Его наставительная речь меня глубоко возмутила.
– А позвольте узнать, – грозно спросила я, – что вы тут в Больё делать изволили?
– Да ничего особенного, – отвечал Тим, несколько озадаченный моим тоном, – гулял по горам, сидел на берегу моря, читал газеты, писал в кафе письма…
– И вам не совестно? – негодовала я. – Ваша несчастная жена сума сходит от отчаяния, а вы, тем временем, гуляете по берегу моря… Бессердечный вы человек!
– Позвольте! – в свою очередь вспылил Тим, – имею же я право хоть на несколько часов уйти из этой каторги и отдохнуть от бесконечных сцен и истерик.
– Но ведь они от того и происходят, что вы бросаете вашу жену. Оставайтесь вы дома, и она была бы совершенно спокойна.
– Мало же вы знаете Алекс! – безнадежно отвечал Тим. – Сиди я с ней, уезжай от нее – предлоги для ссор всегда найдутся. «Зачем ты посмотрел на даму в красном? Зачем улыбнулся даме в зеленом? Зачем мечтаешь о даме в желтом?» Я теперь на всё молчу: в красном, так в красном, в зеленом, так в зеленом! Пусть себе вздор мелет, если иначе жить не может.
– Не станет же ваша жена придумывать небывалые измены, чтобы самое же себя мучить, – защищала я Алекс.
– Вы думаете? Расскажу вам один случай, хотя вперед знаю, что вы мне не поверите. Раз я в тифе лежал, сорок градусов у меня было. Жена за мной ухаживает и упрекает: я знаю, о ком ты теперь думаешь! Ты о скверных женщинах мечтаешь!
– Да ведь это же безумие!
– Конечно, Алекс ненормальна, я давно это знаю, – спокойно отвечал Тим.
– A где же англичанка? – спросила я, помолчав.
– Какая англичанка? – удивился Тим.
Я объяснила.
– Боже мой! – всплеснул он руками, – так эта история всё еще продолжается? Раз, действительно, подошла ко мне в читальне какая-то старая англичанка и спросила, в каком положении находится теперь the Russian revolution. Они ведь все в Европе твердо убеждены, что у нас на каждом перекресте действует гильотина. Пока я ей объяснял, что никакой революции у нас нет, вошла в читальню Алекс и с той поры проходу мне не дает. А между тем я эту англичанку никогда более и не встречал. Вернее всего, что она давным-давно уехала из Ниццы.

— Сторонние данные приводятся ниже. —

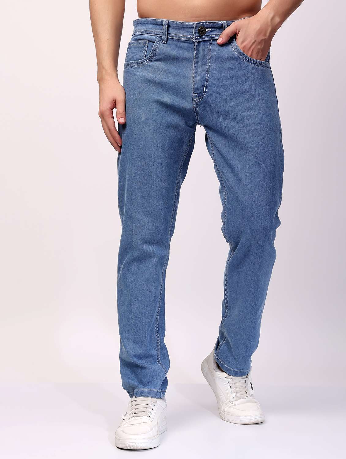 - » men light blue mid rise full length jeans
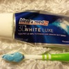 Паста голубая с белыми полосочками - выглядит заманчиво. Аромат и вкус её можно оценить на твёрдую "пятёрку", поскольку каждая процедура чистки зубов проходит на "ура". Очищает замечательно, освежает тоже отлично. С ней тёмные пятна с эмали начинают удаляться. Не через 7 дней, конечно, как заявляет производитель, а намного позже, дней через 20, но всё же... Она не отбеливает стопроцентно, но процесс очевиден. Единственное, что смущает, - состав, в котором не все компоненты полезны.
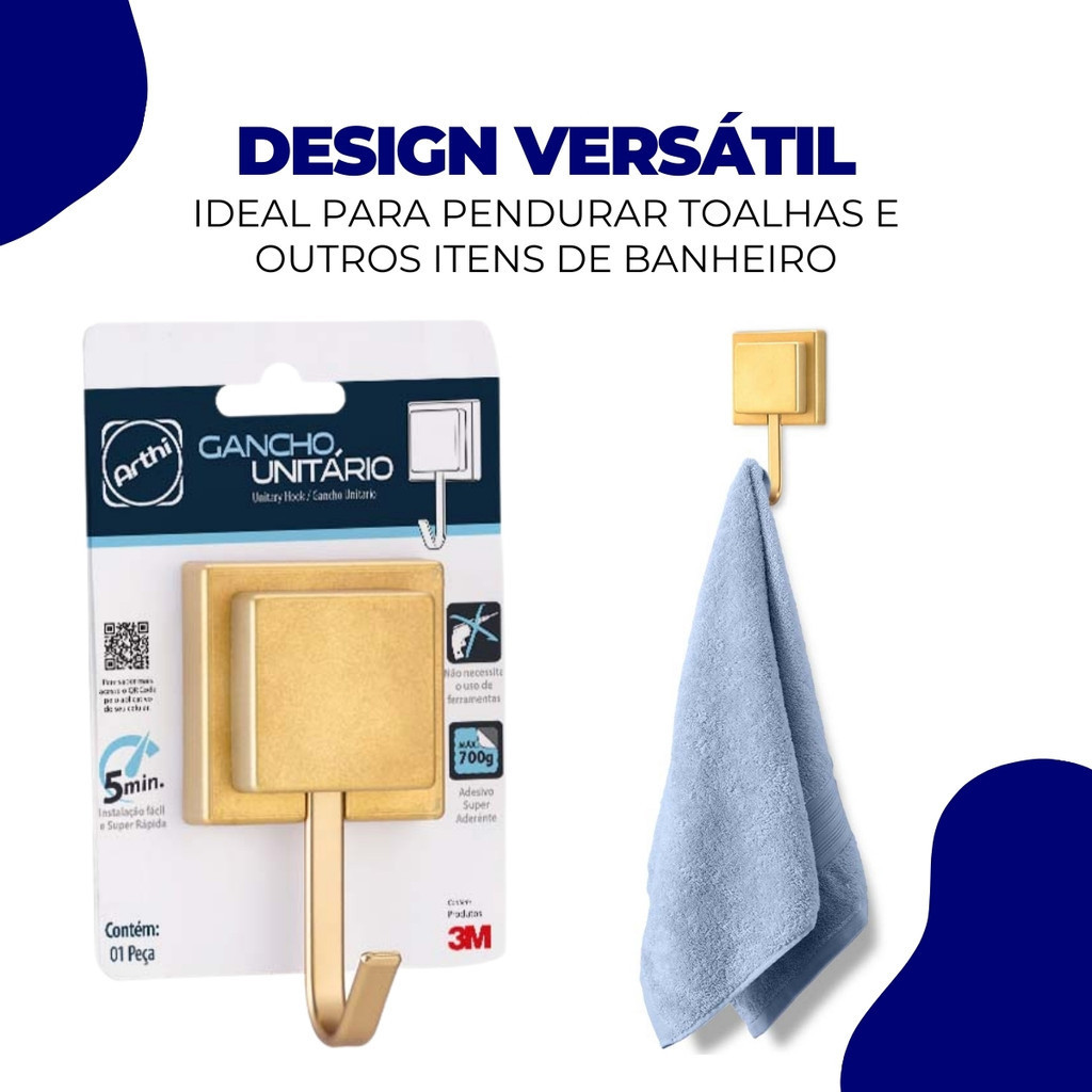 Kit 3 Gancho Cabide Suporte Porta Toalha de Parede Banheiro Cozinha 3M Dourado Fosco Arthi

– Всё это очень странно! – сказала я с недоумением. – Нет ли в этих болезненных идеях вашей жены какой-нибудь другой причины? Не раздражает ли ее близость моря?
– Э! ей везде нехорошо! В Крыму ее раздражает прибой; в Неаполе – сирокко; в Швейцарии – горы, в Венеции – запах лагун. Неизвестно, зачем мы с ней путешествуем. Напрасно только деньги тратим…
С этого дня я стала конфиденткою семьи Борисовых. Под разными предлогами Алекс являлась в мою комнату и жаловалась на мужа. Когда же мне удавалось от нее ускользнуть и выйти на прогулку, то в саду отеля или на набережной поджидал меня Тим, чтобы, в свою очередь, излить горечь своей души. Материалу для книги они оба давали в изобилии, и писательница во мне была очень довольна. Всё же, подчас, я не выдерживала и потихоньку убегала на целый день в горы. Подобное дезертирство приводило Алекс в глубокое негодование.
– Отчего же вы не сказали мне, что идете на прогулку? – упрекала она меня, – я бы тоже с вами пошла.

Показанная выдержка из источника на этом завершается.